== Assigned task ==
Could you write out, exactly and with no pictures, every line from the one containing "PRICE REDUCED, Retail" through the last line of the entries?

===== Information supplied =====

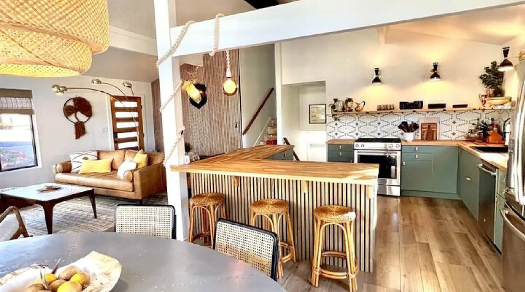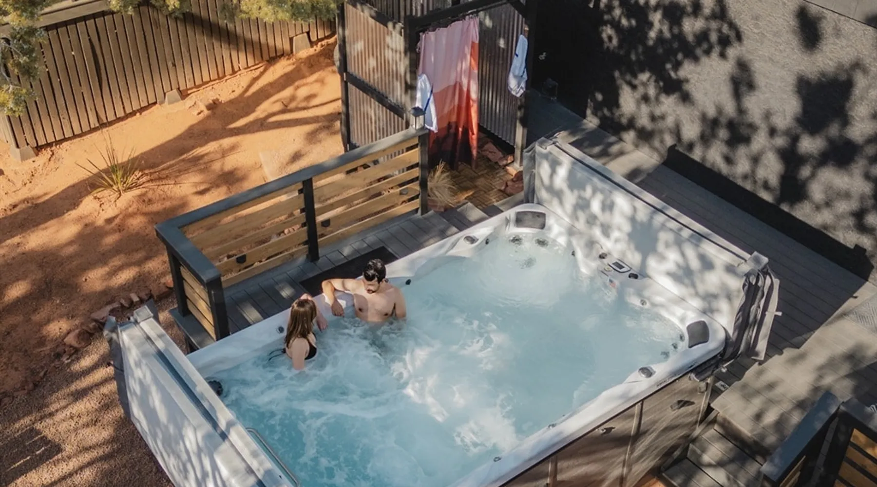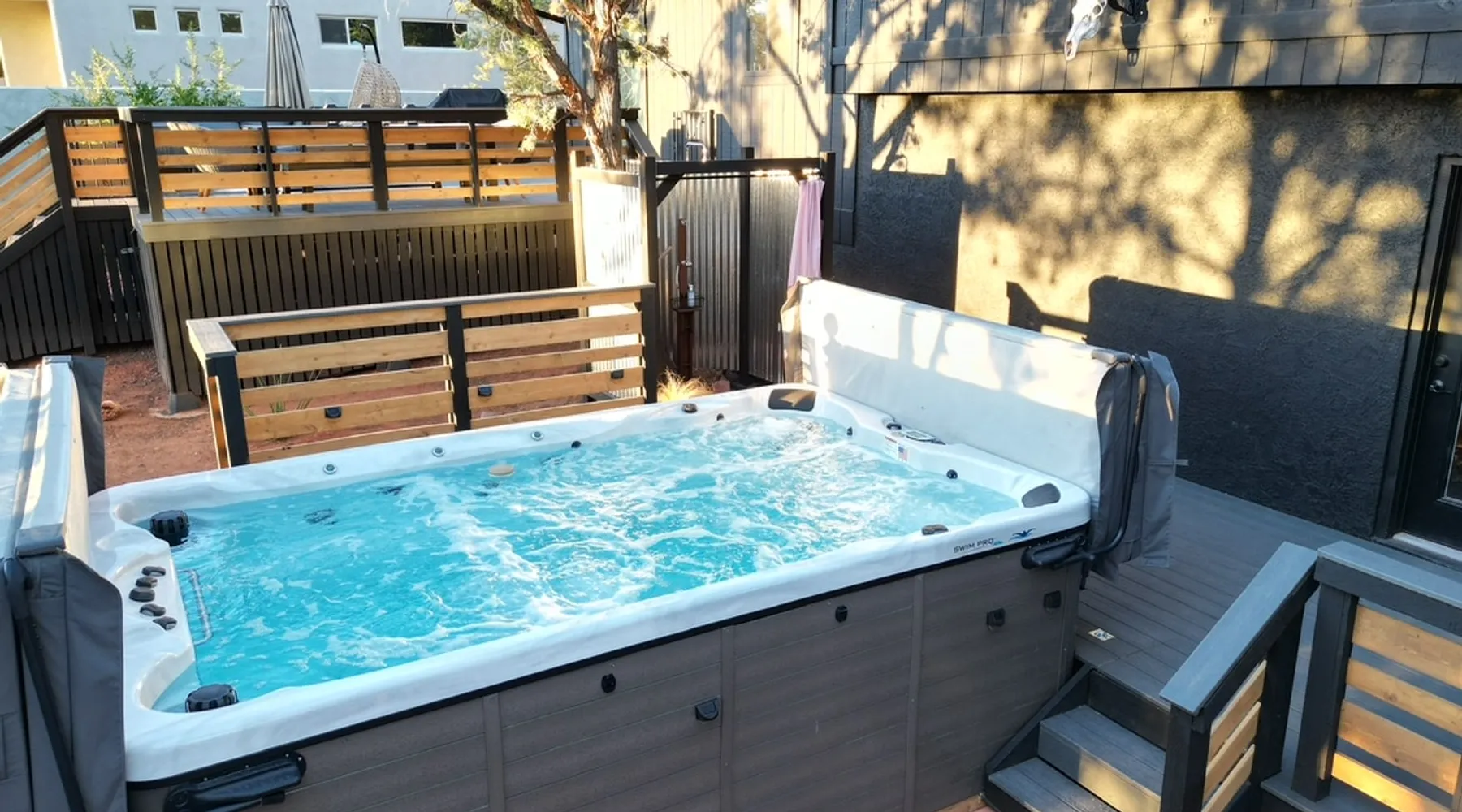 The Essex House Sedona is gorgeously appointed in desert modern style, curated with original art, and features a 17ft long Hydro-pool (addtl nightly fee for spa heat), fire pit, outdoor shower, tetherball, and back deck perfect for entertaining. Great room has a gorgeous vintage Malm fireplace, dining area, and a fully stocked chef's kitchen. Plush bedroom furnishings inspired by Arizona sunsets. Game room with a sectional sofa bed, retro video games & s'mores fixin's. The space THE ESSEX HOUSE SEDONA OVERVIEW Check out ig@essexhousesedona PROS: Multiple large communal areas, fully stocked chef's kitchen, huge hydro-pool, outdoor shower. CONS: Small bedrooms, older windows that sometimes stick. PLEASE NOTE: There is a new house being built on the empty lot behind the Essex House Sedona. Construction started in Oct 2025. Unfortunately, Sedona allows work crews to start at 7am, including Saturdays. There may be potential noise during your stay. As a result, we are waiving our nightly spa heating fee while outdoor construction takes place on the new house. Please reach out prior to booking, and I can update you on the building stage and potential noise. OUTSIDE •Private back yard with a luxe 17ft long Hydro-pool. (Please read detailed Hydro-pool description below regarding extra fee for spa heat) •Outdoor Shower that enhances the backyard vibe •Fire pit with 6 Adirondack chairs for roasting s'mores. (S'mores supplies provided) •Large deck for dining al fresco and adjacent lounge area •Grill *Tetherball GAME ROOM •New sectional sofa bed with memory foam Queen mattress •Smart TV with Sonos sound bar speaker •Game table and games •2 person video game console table with over 30 old school video games •Selection of exercise equipment, including yoga mats and weights •Lower leg and foot massager to help with sore muscles after a day of hiking •Smore's supplies •Washer and dryer *Pack n' Play and highchair •Mini fridge •Sun hat lending library and re-chargable bug zappers •Direct access out to the swim spa, stocked with spa towels and a towel warmer. BEDROOMS: •Master Suite: Queen bed, ensuite bath with oversized shower, Smart TV •Bedroom 2: Queen bed, Smart TV •Bedroom 3: Two twin beds •Game Room: Fold-out memory foam queen bed, Frontgate automatic air mattress (single), Pack n' Play KITCHEN •Fully stocked chef's kitchen •Standard appliances include gas burner stove, toaster, microwave, oven and refrigerator •Extra appliances include air fryer, crockpot, instant pot, electric kettle, blender, mini food processor, electric citrus juicer •Le Creuset dutch oven, baking dishes, baking pans, roasting pan, serving platters, pancake griddle that fits on the stovetop, spaetzle maker, microwave popcorn maker and popcorn supplies •Coffee making supplies include ground coffee and sugar, espresso machine with milk frother attachment, large drip coffee maker with thermos, French press and an Italian Moka pot. •Large tea selection and hot chocolate provided •Other supplies include: drawer full of various spices, olive oil, salt and pepper •Knife block has sharpeners built into it. Naturally, the kitchen is also stocked with basic dining, cooking and serving essentials including plates, bowls, silverware, stemless wine and drinking glasses, cooking utensils and kitchen accessories, such as can opener, wine opener, meat thermometer, measuring spoons and more. There is a set of plastic plates and cups if you wish to dine outside. No other cooking supplies are guaranteed, but likely to include oil, sprays or other cooking ingredients, foil, cling wrap, etc. We recommend assessing current kitchen stock before shopping for any meals you plan to prepare! LIVING ROOM •Open plan great room with kitchen, dining area and living area combined. •Siding doors with direct access to the back deck •Vintage 1960's brass Malm fireplace with electric fireplace insert. Heat optional. Turns on with a touch of a button. •Sonos speakers connected on the Essex House wifi Hydro-Pool 17-foot CalSpa Hydro Pool with waterfalls (Vegas package!) and LED lighting. It is a cross between a hot tub and a pool. High resistant jets enable you to swim in place. Normal resting temp is 85F - 95F. If you prefer to soak after hiking, and would like us to heat up the swim spa (to 104F) for your stay, please contact the house manager 24 hours in advance of your arrival. Heating fee is $50 per night or $200 for stays 4 nights or longer in a given week. During the hotter months of the year, guests normally do not request any additional spa heat. The Hydro-pool requires maintenance visits twice weekly on various days. The service tech needs access to the back yard to maintain water balance. The tech will access the back yard using the padlocked side gate. It usually takes around 15-20 min to service the Hydro-pool. Note: You will be charged $250 if your usage results in the hydro-pool needing extraordinary cleaning or to be drained. Please shower before using. No food and drink in the hydro-pool. Please follow the hydro-pool rules as posted in the game room and on the front of the hydro-pool itself. OTHER THINGS TO NOTE: •We require all of our guests to sign a rental agreement before staying at the Essex House Sedona. We send it out after booking and you will be able to do an electronic signature online. WE ALSO HAVE: •Fast Starlink Satellite Internet •Built-in work desk with a landscape mural painted by your hostess. •Whole house water softening system •2 outside security cameras. One is positioned on front door entrance and one on the back gate entrance. Camera actively records video and audio when it senses motion. •Essex House Sedona does not have any child safety setups. However, the back deck has closable gates at each set of stairs. The hydro-pool does not have any safety baby gates. We do provide a pack n' play, a high chair, and a few baby plates, cups and utensils. INCLUD
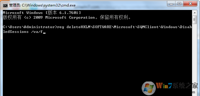 2、輸出以下內(nèi)容并回車(chē):reg deleteHKLM\SOFTWARE\Microsoft\SQMClient\Windows\DisabledSessions /va/f,點(diǎn)擊確定等待處理完成,這里因?yàn)樽址容^長(zhǎng),所以建議在cmd中使用右鍵黏貼功能
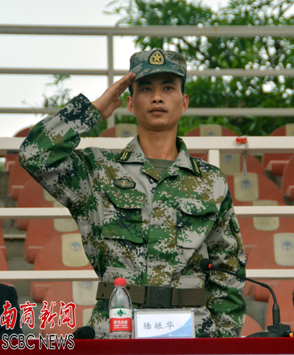 军训团团长陆振华希望同学们严格遵守军训纪律 (刘阳 摄)
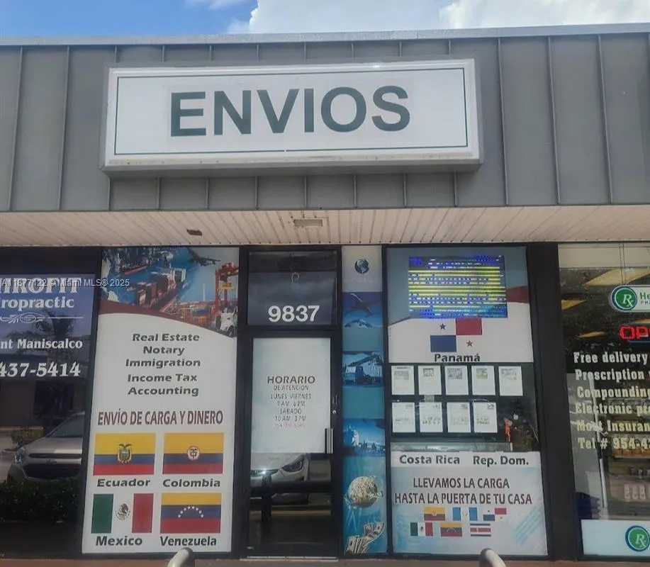 PRICE REDUCED, Retail store in Palm Square, oriented in cargo & shipping transportation to central and South America, shopping center located directly on Pines Boulevard, prime retail area of Pembroke Pines in the heart of Broward County. Palm Square features free-standing national tenants Dunkin’ Donuts and KFC, as well as prominent inline tenants such as Colombian restaurants, los Verdes & Frijolitos also, several other established local, regional. The center features ample parking and good visibility to Pines Boulevard via 600 linear feet of frontage where the traffic count exceeds 52,000 vehicles per day along the main retail corridor. This infill Broward County location is home to a population of more than 160,000 people within a 3-mile radius with an average household income $65,000.
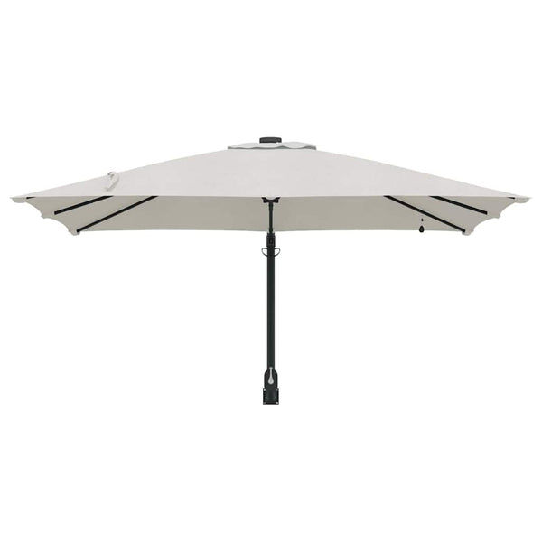 - LED-valaistus: Varjossa on LED-valoja, jotka on piilotettu kankaan alle – loistavaa tunnelmavalaistusta iltakäyttöön. Ne toimii aurinko- tai paristokäyttöisesti ilman sotkuisia kaapeleita.

=====

== Solution ==
 PRICE REDUCED, Retail store in Palm Square, oriented in cargo & shipping transportation to central and South America, shopping center located directly on Pines Boulevard, prime retail area of Pembroke Pines in the heart of Broward County. Palm Square features free-standing national tenants Dunkin’ Donuts and KFC, as well as prominent inline tenants such as Colombian restaurants, los Verdes & Frijolitos also, several other established local, regional. The center features ample parking and good visibility to Pines Boulevard via 600 linear feet of frontage where the traffic count exceeds 52,000 vehicles per day along the main retail corridor. This infill Broward County location is home to a population of more than 160,000 people within a 3-mile radius with an average household income $65,000.
 - LED-valaistus: Varjossa on LED-valoja, jotka on piilotettu kankaan alle – loistavaa tunnelmavalaistusta iltakäyttöön. Ne toimii aurinko- tai paristokäyttöisesti ilman sotkuisia kaapeleita.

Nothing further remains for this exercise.